Tasks for br_rj_riodejaneiro_rdo

Functions

def check_files_for_download(files: list, dataset_id: str, table_id: str)

Check redis for files already downloaded from the FTP

Args

files : list
file informations gathered from FTP
dataset_id : str
dataset_id on BigQuery
table_id : str
table_id on BigQuery

Returns

list
Containing the info on the files to download
def download_and_save_local_from_ftp(file_info: dict)

Downloads file from FTP and saves to data/raw//.

def get_file_paths_from_ftp(transport_mode: str, report_type: str, wait=None, dump=False)

Search for files inside previous interval (days) from current date, get filename and partitions (from filename) on FTP client.

def get_rdo_date_range(dataset_id: str, table_id: str, mode: str = 'prod')

Get date range for RDO/RHO materialization

Args

dataset_id : str
dataset_id on BigQuery
table_id : str
table_id on BigQuery
mode : str, optional
mode to materialize to.

Accepted options are 'dev' and 'prod'. Defaults to "prod".

Returns

dict
containing 'date_range_start' and 'date_range_end' keys
def pre_treatment_br_rj_riodejaneiro_rdo(files: list, divide_columns_by: int = 100) ‑> tuple

Adds header, capture_time and standardize columns

Args

file_info : dict
information for the files found in the current run
divide_columns_by : int, optional
value which to divide numeric columns.

Defaults to 100.

Returns

dict
updated file_info with treated filepath
def update_rdo_redis(download_files: list, table_id: str, dataset_id: str = 'br_rj_riodejaneiro_rdo', errors=None, wait=None)

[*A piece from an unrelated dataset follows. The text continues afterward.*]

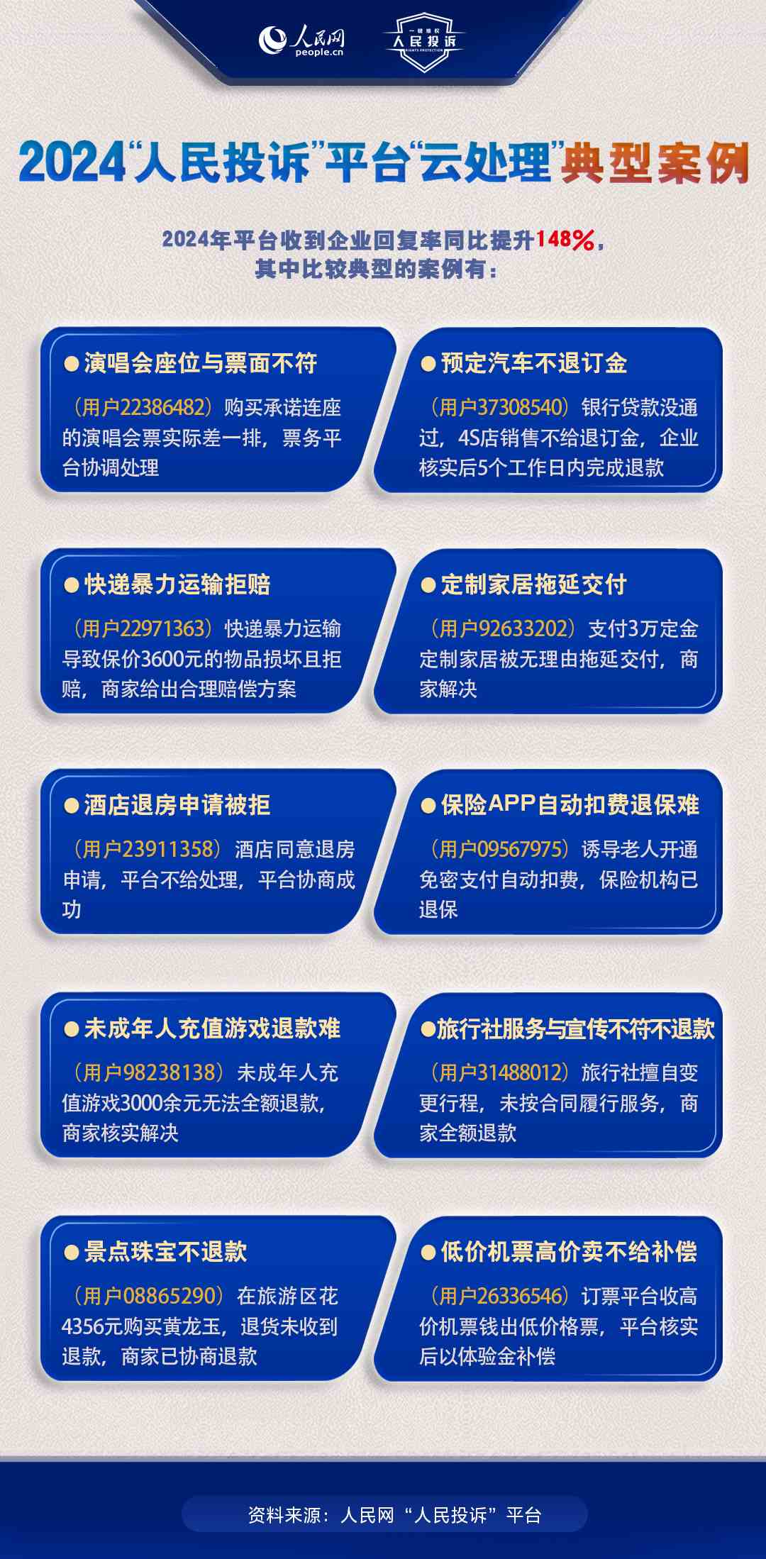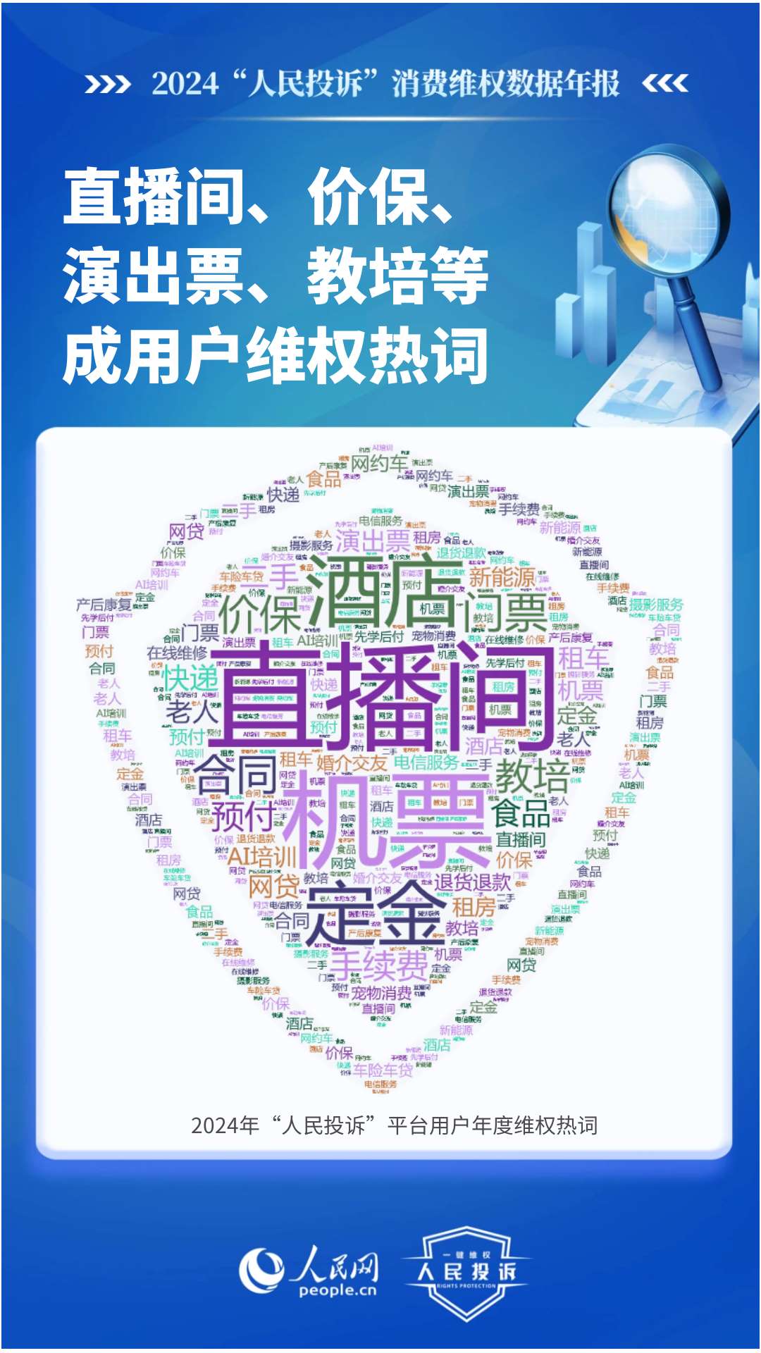 2024年,旅游消費(fèi)持續(xù)火爆,以舊換新“換”出消費(fèi)新活力,直播電商“品質(zhì)化”轉(zhuǎn)型,新能源汽車購銷兩旺……在消費(fèi)市場熱力持續(xù)提升的背景下,旅游產(chǎn)品退訂難,電商促銷虛假價保,直播間營銷違規(guī),車險車貸服務(wù)欺詐,AI培訓(xùn)貨不對板等消費(fèi)侵權(quán)問題引發(fā)廣泛關(guān)注。“人民投訴”發(fā)布年報帶您回顧這一年來,平臺消費(fèi)維權(quán)熱點(diǎn)和入駐企業(yè)積極處理糾紛的舉措。

Update files downloaded to redis, if uploaded correctly.

Args

download_files : list
information on the downloaded files
table_id : str
table_id on BigQuery
dataset_id : str, optional
dataset_id on BigQuery.
Defaults to constants.RDO_DATASET_ID.value.
errors : list, optional
list of errors. Defaults to None.
wait : Any, optional
wait for task before run. Defaults to None.

Returns

bool
if redis key was set